Extracted data entries
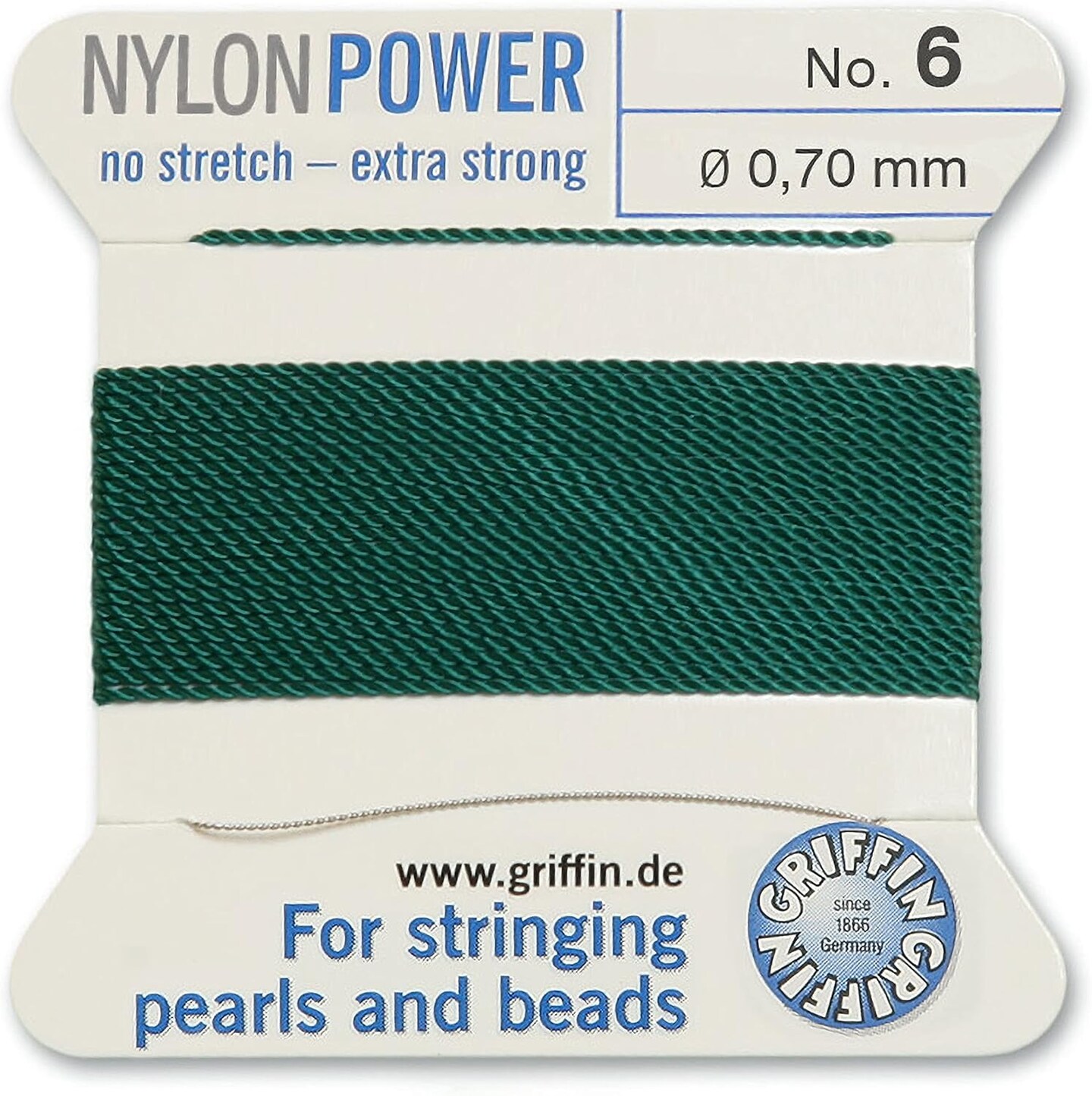 Griffin Nylon Bead Cord Perlseide – Size 6 (0.70mm) – 2 Meters per Card – Stainless Steel Needle Attached – for Knotting Pearls, Gemstones, Crystals and Beads
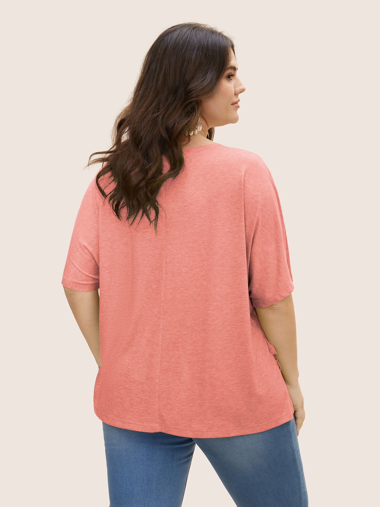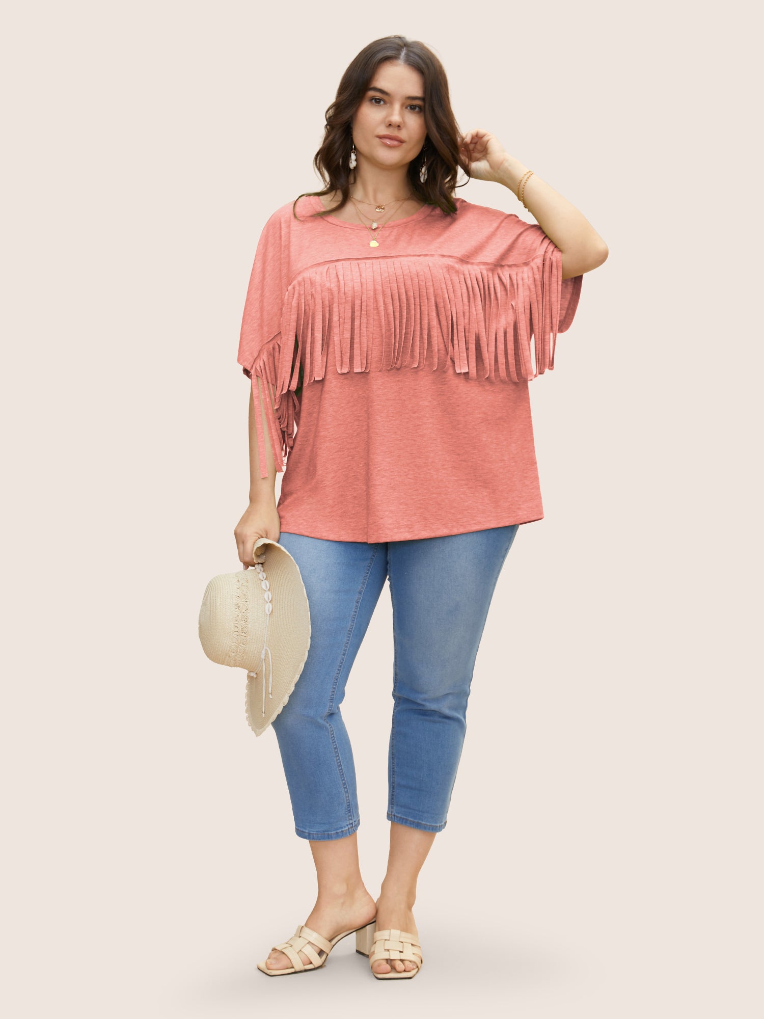 Shop Solid Fringe Trim Batwing Sleeve T-shirt now and redefine your style with confidence at Sweetccc. Tailored for mid and plus-size women. This trendy Tops Women. sizes 10-30. Color:Applegreen.Salmon;Style:Resort;Prints:Non;Neckline:Round Neck;Sleeve Type:Raglan sleeve;Details:Non;Pocket:No-pocket
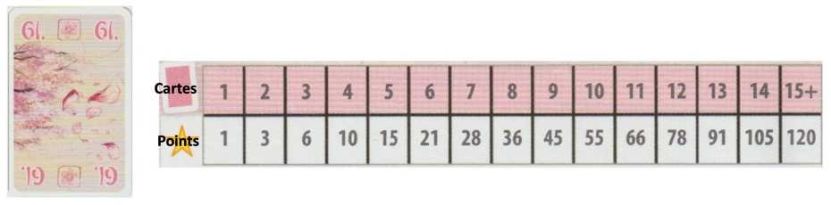 Créé en 2019 par Steffen Benndorf, à qui on doit des jeux comme Qwixx, le jeu Ohanami est un hommage à cette période du printemps où les Japonais ont le bonheur de contempler les cerisiers en fleurs – les fameux « sakuras ». Le principe du jeu est d’y construire de la manière la plus intelligente ses 3 jardins japonais en y posant des sources d’eau, de la végétation, des pierres, et enfin des sakuras. Sans entrer dans le détail des règles du jeu, nous allons dans ce problème nous intéresser à la manière dont les points y sont calculés.
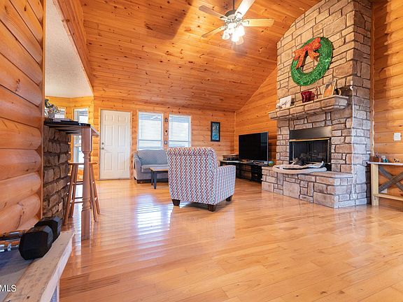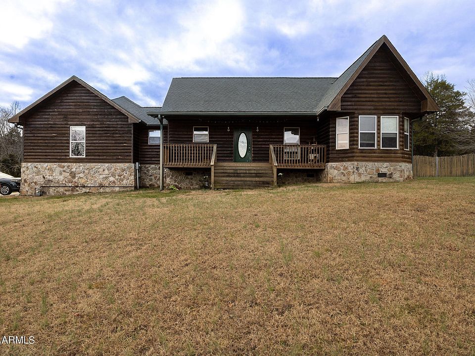 Stunning log home on acreage. Dramatic vaulted ceiling with gas fireplace. Split bedrooms. Granite countertops in the kitchen. Open floor plan. Large covered front porch and oversized back deck. Pack your bags. New year new home
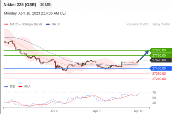 日经225股指期货 (OSE) (M3) 当日内交易策略: 在 27480.00 之上 目标价位为 27780.00(20230410)

**Task to complete**
Please retype only the lines from the line that holds "Créé en 2019" through the end of the records, exactly as they stand, and drop every picture.

**Exercise answer**
 Créé en 2019 par Steffen Benndorf, à qui on doit des jeux comme Qwixx, le jeu Ohanami est un hommage à cette période du printemps où les Japonais ont le bonheur de contempler les cerisiers en fleurs – les fameux « sakuras ». Le principe du jeu est d’y construire de la manière la plus intelligente ses 3 jardins japonais en y posant des sources d’eau, de la végétation, des pierres, et enfin des sakuras. Sans entrer dans le détail des règles du jeu, nous allons dans ce problème nous intéresser à la manière dont les points y sont calculés.
 Stunning log home on acreage. Dramatic vaulted ceiling with gas fireplace. Split bedrooms. Granite countertops in the kitchen. Open floor plan. Large covered front porch and oversized back deck. Pack your bags. New year new home
 日经225股指期货 (OSE) (M3) 当日内交易策略: 在 27480.00 之上 目标价位为 27780.00(20230410)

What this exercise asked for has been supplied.